I have above said, the “shop” of Lady Gresham. Until the 10th or 12th of Elizabeth there were but few silk-shops at all in London, and those were invariably kept, or served, by females. The supply too was very scanty. Stowe, the antiquarian tailor, says that citizens’ wives in general were then constrained to wear knit caps of woollen yarn; silver thread, lace, and silk being very scarce, and only the very wealthy being able to purchase garments of which these materials formed a part; and even then, the husbands of ladies who desired to deck themselves in costly apparel, were obliged to prove that they were “gentlemen by descent.”

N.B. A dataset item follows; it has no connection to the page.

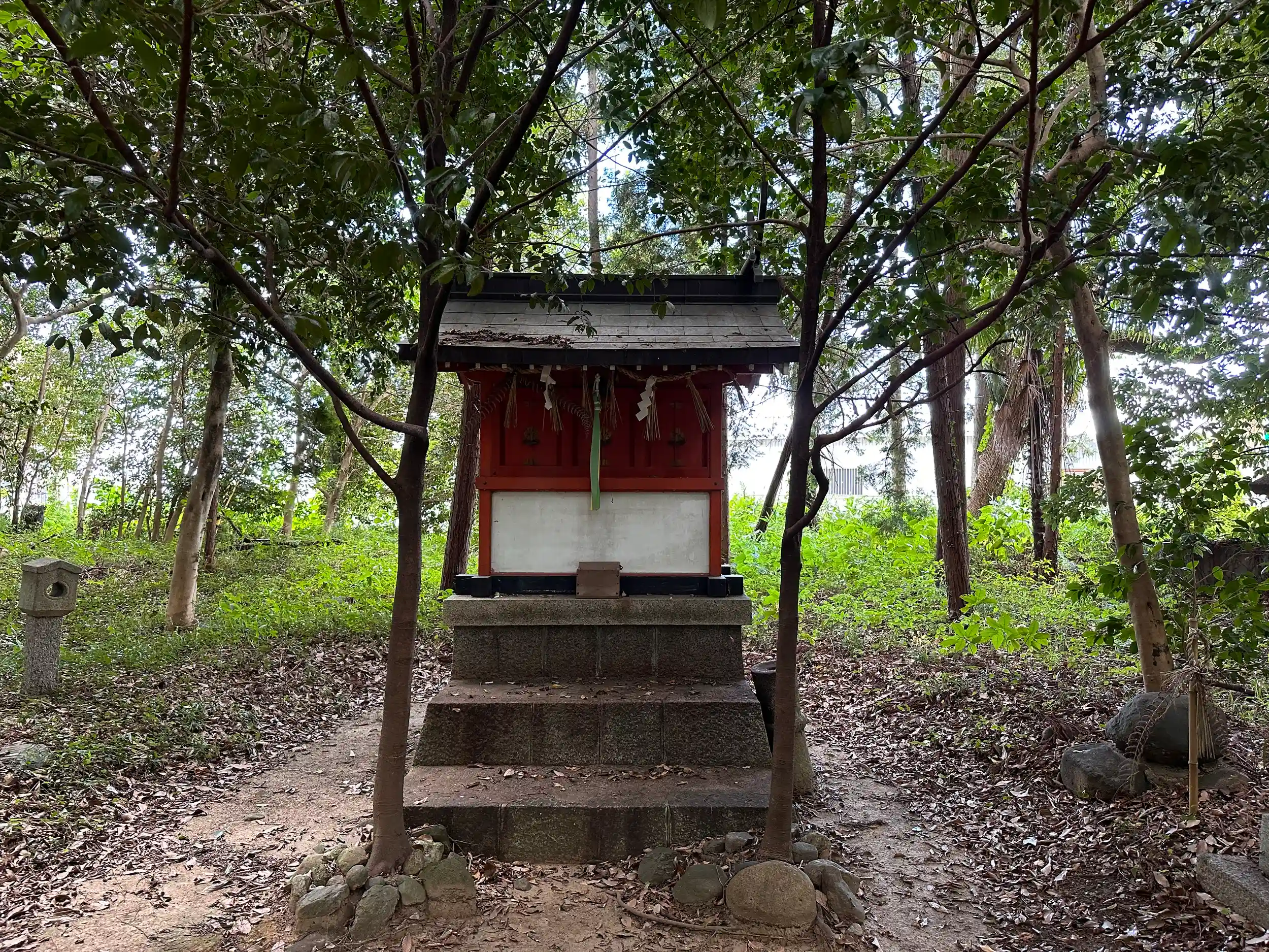 三間社流見世棚造で森神社の北側に鎮座されています。鬱蒼とした森の中にあります、すぐ近くに幹線道路があり交通量も多いですが、ここは雰囲気が全く変わります。

When the Princess Elizabeth lost her mother, her wardrobe, which was none of the most brilliant before, became of very mean condition. Lady Bryan wrote to Cromwell that “she hath neither gown nor kirtle, nor petticoat, nor no manner of linen, nor forsmocks, nor kerchiefs, nor rails (night-dresses), nor body stichets, nor handkerchiefs, nor sleeves, nor mufflers, nor biggins” (the last two signifying day caps and night caps), and the whole list showing that the little lady was as ill provided for as any villein’s daughter in the land. No wonder that she was at an early period smartly touched by rheumatism. When she came to the court of Edward VI. she was remarkable for the simplicity of her dress; it was religiously grave, as prescribed by the polemical ‘Journaux des Modes’ edited by Calvinistic divines. Dr. Aylmer, in his ‘Harbour for Faithful Subjects,’ says:—“The King, her father, left her rich clothes and jewels; and I know it to be true, that in seven years after his death she never in all that time looked upon that rich attire and precious jewels but once, and that against her will; and that there never came gold or stone upon her head till her sister forced her to lay off her former soberness, and bear her company in her glittering gayness; and then she so bore it that all might see that her body carried what her heart disliked. I am sure that her maidenly apparel which she used in King Edward’s time, made the noblemen’s wives and daughters ashamed to be dressed and painted like peacocks, being more moved with her most virtuous example than all that ever Paul or Peter wrote touching the matter.”